La Cour de justice de l’Union européenne précise, par un arrêt du 6 octobre 2025, le statut fiscal des avocats au sein du marché intérieur. Un professionnel du droit s’opposait à son inscription d’office sur la liste des redevables de la taxe sur la valeur ajoutée par son administration. La Cour d’appel de Bucarest, saisie du litige en date du 15 mai 2024, a décidé de surseoir à statuer pour interroger les juges européens. Le requérant affirmait que l’autorité de la chose jugée attachée à une décision antérieure faisait obstacle à toute nouvelle réclamation de la part du fisc. La question de droit porte sur la qualification d’assujetti de l’avocat et sur la primauté des règles européennes face aux principes de procédure nationaux. La Cour considère que l’avocat constitue un assujetti et que l’autorité de la chose jugée ne s’applique pas aux périodes d’imposition distinctes du litige initial. Cette solution garantit l’application uniforme du droit fiscal européen tout en limitant la portée des obstacles procéduraux issus des traditions juridiques des États membres.

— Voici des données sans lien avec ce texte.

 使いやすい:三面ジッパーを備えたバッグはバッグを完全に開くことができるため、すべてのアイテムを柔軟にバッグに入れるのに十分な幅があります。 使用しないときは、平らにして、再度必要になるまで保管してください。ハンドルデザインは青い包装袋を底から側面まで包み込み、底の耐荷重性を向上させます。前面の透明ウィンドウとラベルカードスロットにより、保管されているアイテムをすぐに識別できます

I. L’affirmation du statut d’assujetti au sens de la directive européenne
A. Une qualification juridique déduite de la nature de l’activité La Cour énonce que la directive s’interprète « en ce sens qu’une personne exerçant la profession d’avocat doit être considérée comme étant un assujetti ». Cette qualification découle de l’exercice indépendant d’une activité économique consistant en la fourniture de services juridiques rémunérés de manière régulière par une clientèle. L’indépendance de l’avocat vis-à-vis de son mandant constitue le critère déterminant pour l’intégration de ses prestations dans le champ d’application de la taxe. Les juges refusent ainsi que le statut particulier de la profession libérale puisse justifier une dérogation aux principes fondamentaux régissant le système de taxe.

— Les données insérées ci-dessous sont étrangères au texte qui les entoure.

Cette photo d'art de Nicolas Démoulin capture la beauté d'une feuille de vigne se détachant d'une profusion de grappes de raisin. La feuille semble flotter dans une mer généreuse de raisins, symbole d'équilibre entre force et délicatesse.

B. La neutralité fiscale appliquée aux professions libérales réglementées L’assujettissement des avocats répond à l’impératif de neutralité qui interdit de traiter différemment des opérations économiques similaires au regard de la charge fiscale globale. L’application de la taxe sur la valeur ajoutée aux services juridiques garantit une concurrence saine entre tous les prestataires de services opérant sur le territoire. Toute exemption non prévue par les textes européens créerait une rupture d’égalité injustifiée entre les différents secteurs d’activité soumis aux mêmes contraintes de marché. La décision rappelle que l’équité fiscale impose que chaque acteur contribue au financement des charges publiques selon les règles communes définies par le législateur.

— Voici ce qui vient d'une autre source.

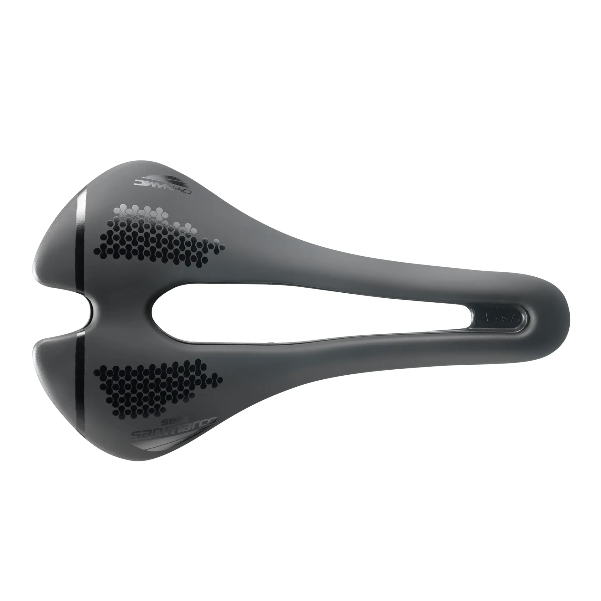The Aspide Short resumes the essential shape and the unmistakable design, which has always characterized the Aspide range, but shortens its length (250mm) to make it an even more comfortable. Its shape, combined with the large central cut-out (open-fit), guarantees maximum comfort and adequate support of the ischiatic bones in different pedalling situations.

II. La subordination de la procédure nationale à la conformité du droit fiscal
A. Le refus de l’extension de l’autorité de la chose jugée L’affirmation de cette obligation fiscale impose de lever les obstacles procéduraux nationaux susceptibles de compromettre la pleine application du droit de l’Union européenne. Le droit de l’Union s’oppose à ce qu’une juridiction nationale applique le principe de l’autorité de la chose jugée pour des périodes d’imposition non identiques. La sécurité juridique ne saurait couvrir des situations fiscales distinctes de celles ayant fait l’objet d’un premier jugement définitif rendu par les autorités compétentes. Cette interprétation stricte de la chose jugée évite qu’une interprétation erronée du droit de l’Union ne devienne immuable au détriment des intérêts budgétaires communs.
B. L’exigence d’une application effective des règles de l’Union européenne L’application des principes procéduraux internes ne doit jamais faire « obstacle à la prise en compte, par cette juridiction, de la réglementation de l’Union en matière de TVA ». La primauté du droit européen impose aux juges nationaux d’écarter toute disposition nationale qui compromettrait l’application correcte et uniforme des directives fiscales communes. Cette exigence d’effectivité assure que les objectifs de l’Union ne soient pas vidés de leur substance par des règles de forme propres aux États. La solution renforce la cohérence du système juridique européen en plaçant la conformité matérielle au-dessus des contraintes héritées des ordres juridiques nationaux.